Как обнаружил прагматичный, холодный ум Фрейда, все религиозные философии — есть исключительный плод первородных страхов человека перед всесилием природы, и в поисках защиты человек обращается к иллюзии божества, играющей в его устрашенном сознании роль отца. Человек исступленно боится неподконтрольных ему подавляющих сил природы, неминуемой смерти, за которой ничего более не следует, по Фрейду, и ледяной жестокости мироустройства. Инфантильный характер человечества, влекущий его к почитанию сильного отцовского начала, как защитника и патрона, ведет к созданию великих иллюзий веры, которые, однако, разрушаются по мере расширения культурного сознания, его научной составляющей. Религия и культура, полагал Фрейд, извечные враги.
Фрейд уверял, что человек был и останется естественным носителем самых разрушительных тенденций антиобщественного и антикультурного содержания. Для большинства людей это является определяющим в их жизни. Культура же — есть основная почва для столкновения элитных групп рафинированного меньшинства с ленивым и агрессивным по своей природе большинством.

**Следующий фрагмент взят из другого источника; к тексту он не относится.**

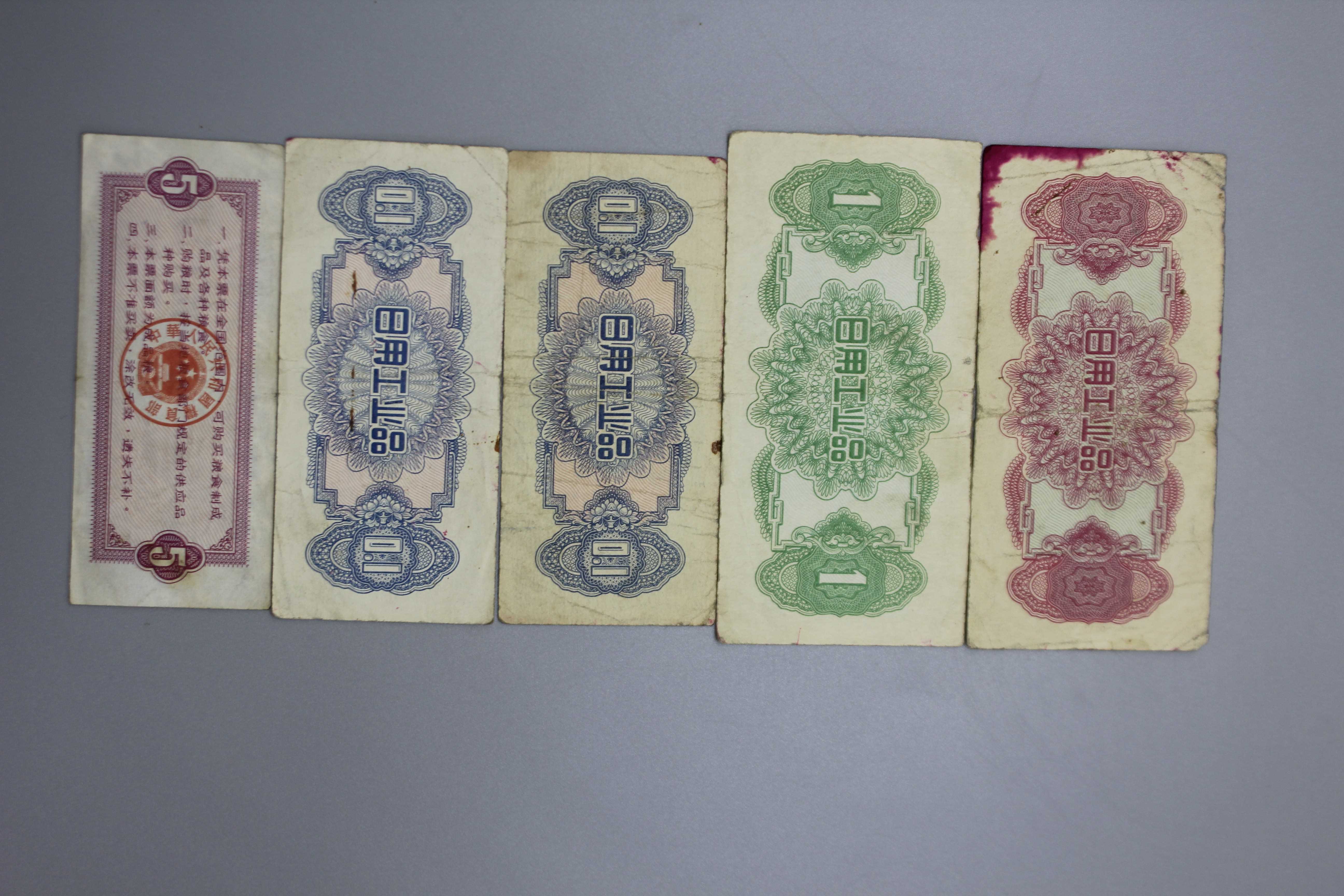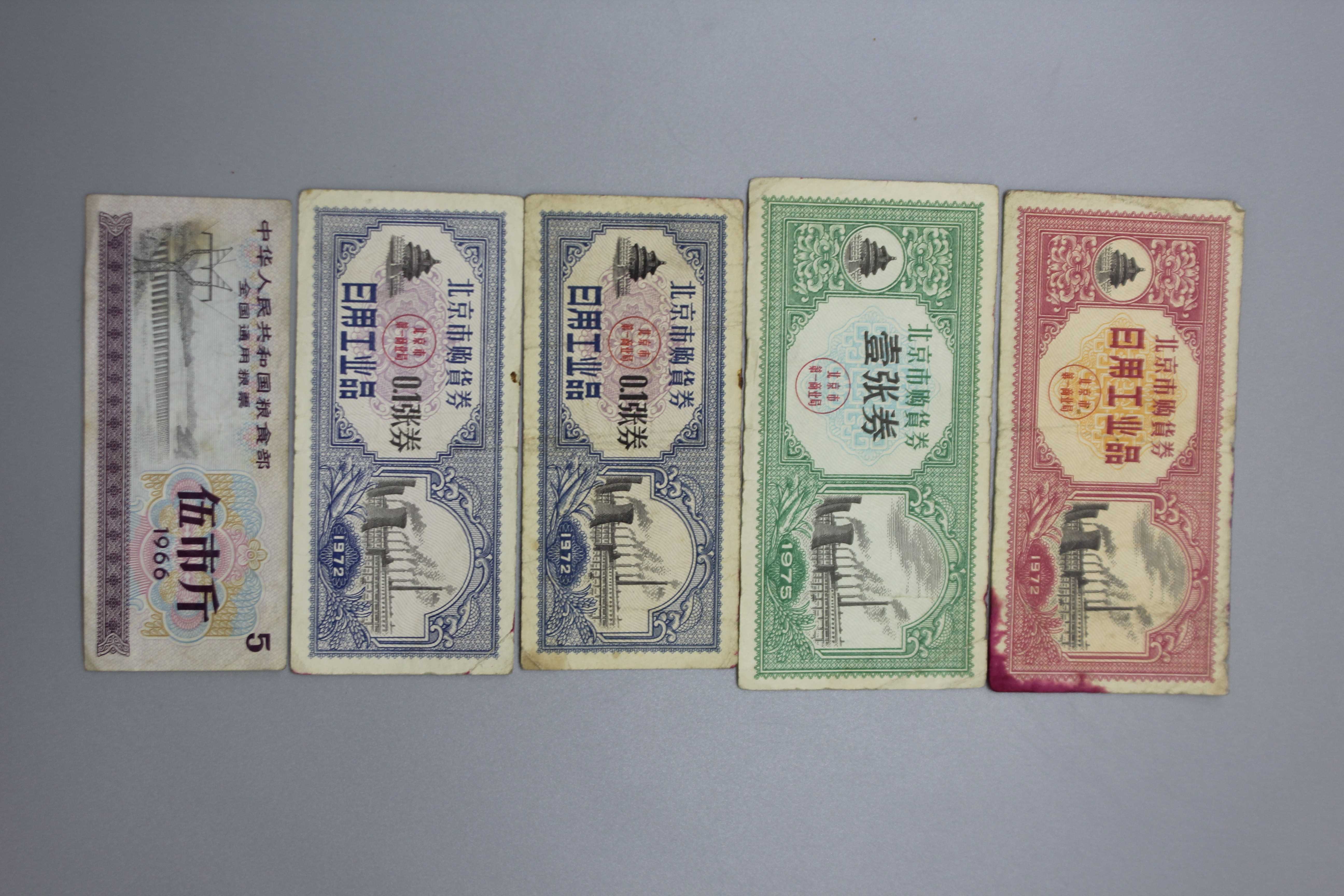 【工业票 购物票 粮票一组五张】这一组票证是中国计划经济时期(20世纪50-80年代)的重要实物见证,反映了物资短缺时代的生活面貌。工业票用于购买工业品,购物票对应日常商品,粮票则是粮食配给核心凭证。它们不仅是特殊历史阶段的记忆载体,更展现了国家经济体制转型的轨迹。如今存世量逐渐减少,其史料价值与收藏价值日益凸显,是研究中国近现代社会史、经济史的珍贵文物,备受藏家青睐。

Культура — это «все то, чем человеческая жизнь возвышается над своими животными условиями и чем она отличается от жизни животных», заключал неумолимый Фрейд.
Неравное распределение материальных благ и жесткое ограничение самых низменных «животных» тенденций толпы положено в основу диктата культуры. Отсюда, видимо, и сопротивление канонам общественной культуры, выражающееся в классовой и революционной борьбе. Культурные реляции власти могут поддерживаться лишь с известной долей насилия, будь то консервативные установки или, напротив, прогрессивные.

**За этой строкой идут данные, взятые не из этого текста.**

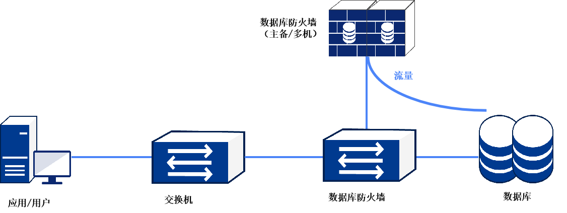 通过“物理旁路、逻辑串行”的方式部署。网络上并联接入防火墙设备,客户端连接防火墙的设备地址,并将通讯包发送至防火墙设备,再经过内部策略分析后完成客户端与数据库的交互过程。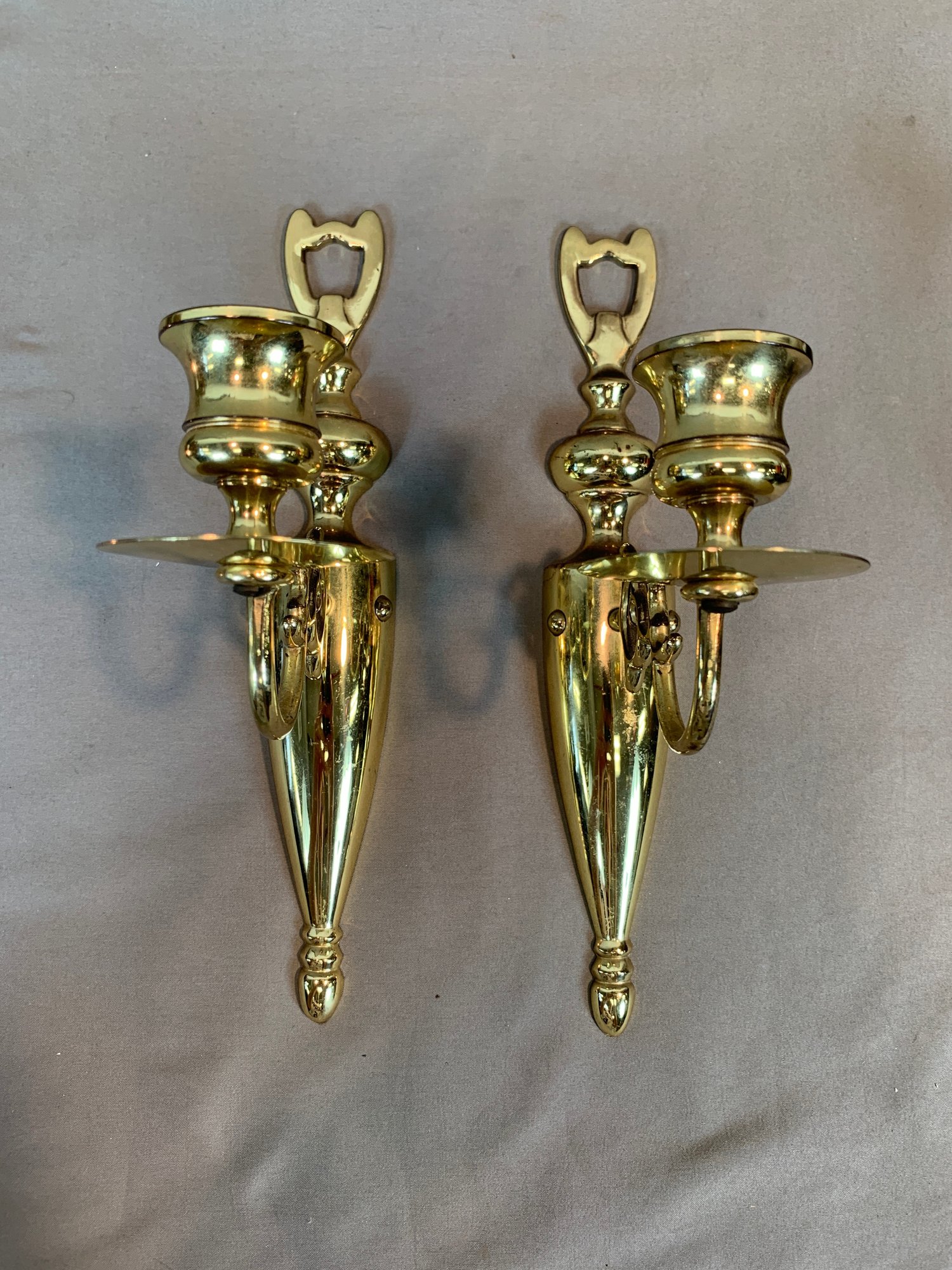 Single arm brass sconces: 10 " H x 2" W x 6" D

Фрейд рассматривает первобытное влечение человека к инцесту, каннибализму и убийствам, как главное ядро враждебности, направленное на культуру, объявляющее это всё строгим табу. И тут на помощь человеческим инстинктам приходит иллюзия веры, освобождающая человека от большинства запретов освящением их, особенно, в языческих формах верований. Культура же, опровергая своей научной составляющей религиозные иллюзии, стремится облечься в нравственные формы, хотя ведь и сложные религиозные учения, казалось бы, проповедуют то же самое. Но это лишь сверху, в официальных, конфессионных формах, но никак не внутри, где все религии изначально и рождаются как отражение первобытных страхов. Оттого они и долговечны. Потому что страхи живут в нас от рождения до смерти и во всех поколениях.
Вот тут общественная нравственность становится врагом у упорствующего, дикого, инфантильного человечества. Врожденное стремление к глобальной иллюзии, к отрицанию действительности, галлюцинаторная спутанность общественного сознания, так называемая аменция, и есть убежище самых косных форм религии и их бытового выражения — мистического суеверия.

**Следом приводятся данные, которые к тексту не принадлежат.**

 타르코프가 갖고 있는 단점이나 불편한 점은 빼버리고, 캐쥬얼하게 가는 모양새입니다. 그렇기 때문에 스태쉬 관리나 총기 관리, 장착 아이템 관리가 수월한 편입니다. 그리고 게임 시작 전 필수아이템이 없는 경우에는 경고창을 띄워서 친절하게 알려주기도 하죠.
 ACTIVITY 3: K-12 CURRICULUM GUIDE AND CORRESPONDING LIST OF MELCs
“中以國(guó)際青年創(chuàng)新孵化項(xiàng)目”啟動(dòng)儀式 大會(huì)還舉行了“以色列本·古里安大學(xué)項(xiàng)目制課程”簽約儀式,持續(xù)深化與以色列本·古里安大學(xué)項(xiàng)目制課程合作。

Фрейд не видел будущего у религии, потому что видел будущее лишь у культуры, насаждение которой носит не только просветительский, но и насильственный, классовый и потому классический характер.
Вот такое бескомпромиссное определение «праматери» всех больших и малых иллюзий.
В энциклопедии Брокгауза и Ефрона о том же понятии говорится кратко и ясно, потому что тут никто не стремится к сложным исследованиям и к аргументированным обоснованиям. Лишь доносится смысл понятия «иллюзия»:
«…искаженное восприятие, обман чувств. Иллюзии оптические (иллюзия зрения, псевдоскопия), неправильные представления о форме, размере, цвете и положении в пространстве предметов внешнего мира.
Большинство иллюзий коренится в психике человека, в невольных предвзятых суждениях, основанных на привычке связывать впечатление с причиной, его вызывающей. Так, например, из двух равных предметов мы считаем большим тот, который видим яснее и отчетливее…»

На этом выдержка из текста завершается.